Au lieu de naviguer au gré des pressions de tel ou tel lobby, nos édiles feraient bien de se baser sur un matériau scientifique riche et incontestable en l'occurrence.

Plus tes bâtiments seront spécialisés, moins efficace ton plan sera.

C'est sans doute le point le moins connu. Il est pourtant fondamental. Il va de soi que certains bâtiments ont besoin de lumière naturelle (logements, bureaux), tandis que d'autres, pas du tout (cinéma, salle de concerts, de conférence) ou très peu (commerces). Or la conception urbaine moderniste est passée par là et perdure dans tous les projets de bâtiments publics. On sépare les fonctions, quitte à créer autant de façades aveugles que nécessaire. 
Le résultat, ce sont des salles de concert et des multiplexes qui reçoivent tous les jours quantité de lumière naturelle, mais n'en font rien. 

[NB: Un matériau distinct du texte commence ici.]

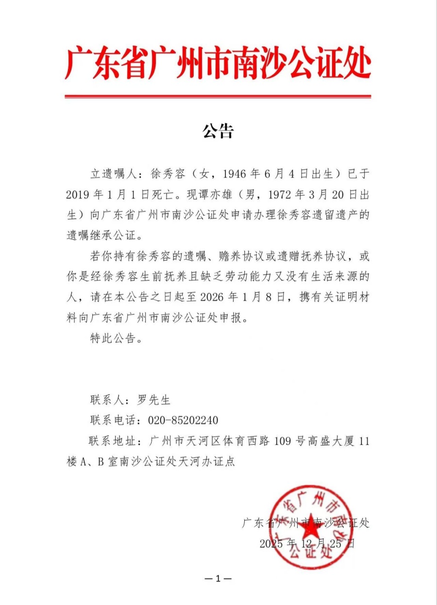 关于谭亦雄继承徐秀容(遗嘱继承)的遗产公告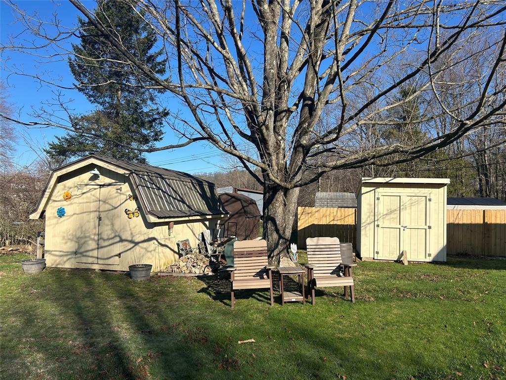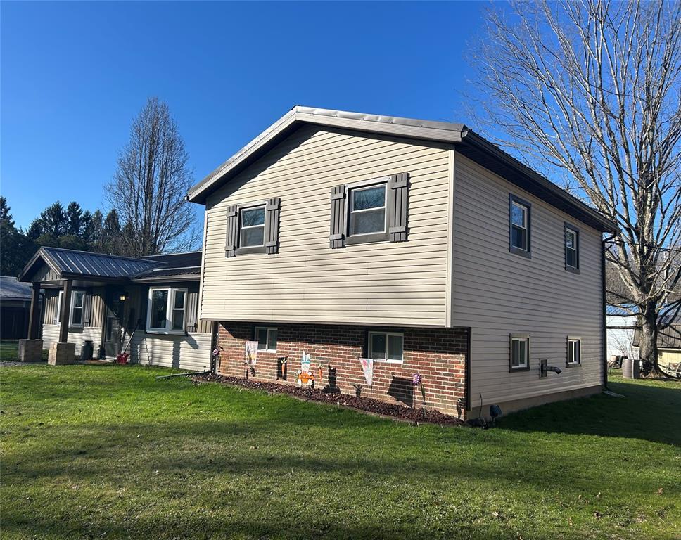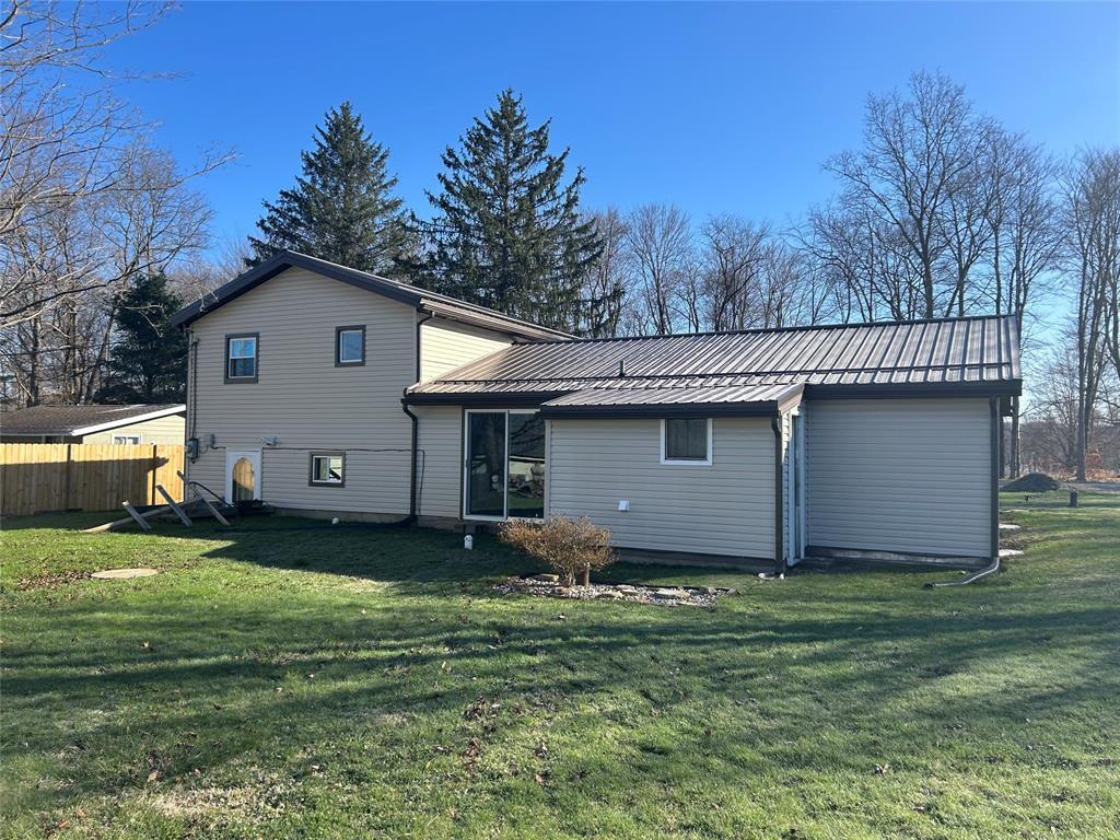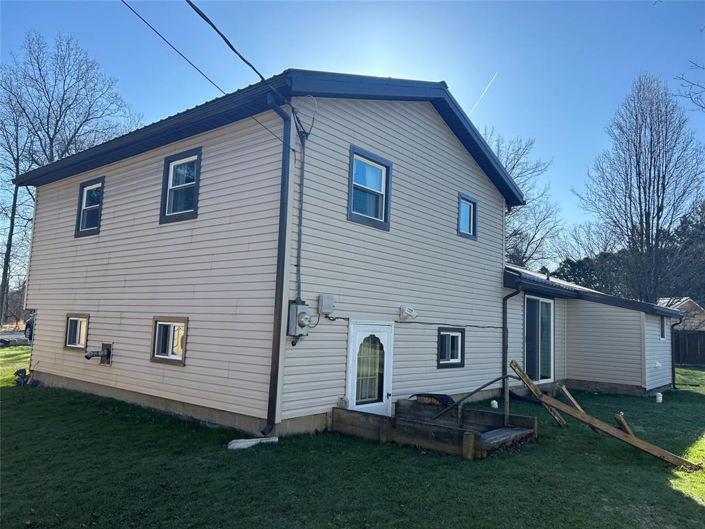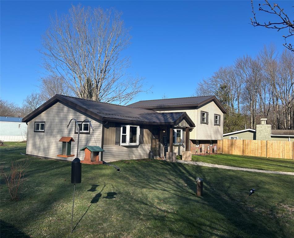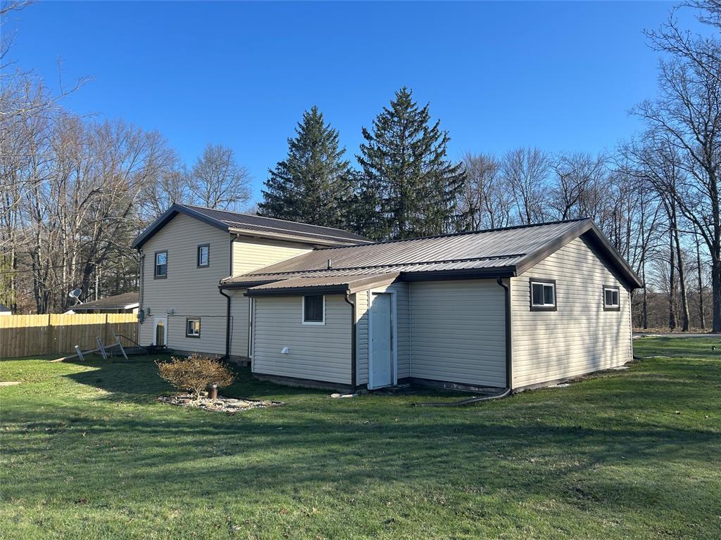 4-bedroom home with 1.5 bathrooms across from Pymatuning state park. Open kitchen/dining/living room area. Dining room has a pantry & sliding glass doors leading out the back yard. Updates include covered front entrance; new windows and metal roof about 2 years ago; siding & gutters; pellet stove (stays w/ house); hot water tank; 2 sheds (one new & added metal roof to older shed). Additional 480 sq ft of space in the lower level that could be finished. Lower level has door to the backyard. Blackberry & blueberry bushes on the property. Slight view of Pymatuning Lake.

De l'autre côté, nous avons des immeubles de logements et de bureaux, qui ont besoin de cette lumière, et se retrouvent à devoir supporter des épaisseurs importantes pour éviter un bilan thermique trop défavorable et un espacement important pour garantir l'accès à la lumière naturelle. Cette incohérence n'est pourtant pas si ancienne. 
Rez-de-chaussée du théâtre du Châtelet, à Paris. Davioud arch.

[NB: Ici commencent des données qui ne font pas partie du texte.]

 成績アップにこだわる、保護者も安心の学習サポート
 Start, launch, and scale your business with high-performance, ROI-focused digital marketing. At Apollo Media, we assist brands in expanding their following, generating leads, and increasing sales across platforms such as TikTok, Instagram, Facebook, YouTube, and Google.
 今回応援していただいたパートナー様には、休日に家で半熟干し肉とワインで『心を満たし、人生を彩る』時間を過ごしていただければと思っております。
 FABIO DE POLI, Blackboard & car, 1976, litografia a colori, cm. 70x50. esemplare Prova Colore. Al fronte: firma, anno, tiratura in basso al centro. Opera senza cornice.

De nombreux exemples de bâtiments intégrés, construits avant l'essor du modernisme, comme le Théâtre du Châtelet, entouré de boutiques, de cafés et de bureaux sur toutes ses faces, ou la Piscine des Amiraux, superbement intégrée dans un immeuble de logements, permettent d'obtenir une densité inégalable sans la faire peser sur l'espace public ou la qualité de vie, au contraire même. Efficacité spatiale, mixité et préservation des espaces privés et publics, qui dit mieux ?
La piscine des Amiraux, à Paris, Coupe. Henri Sauvage arch.
Aux architectes, mais surtout au législateur et aux maîtres d'ouvrage de se saisir de cette opportunité de générer une densité insoupçonnable et efficace.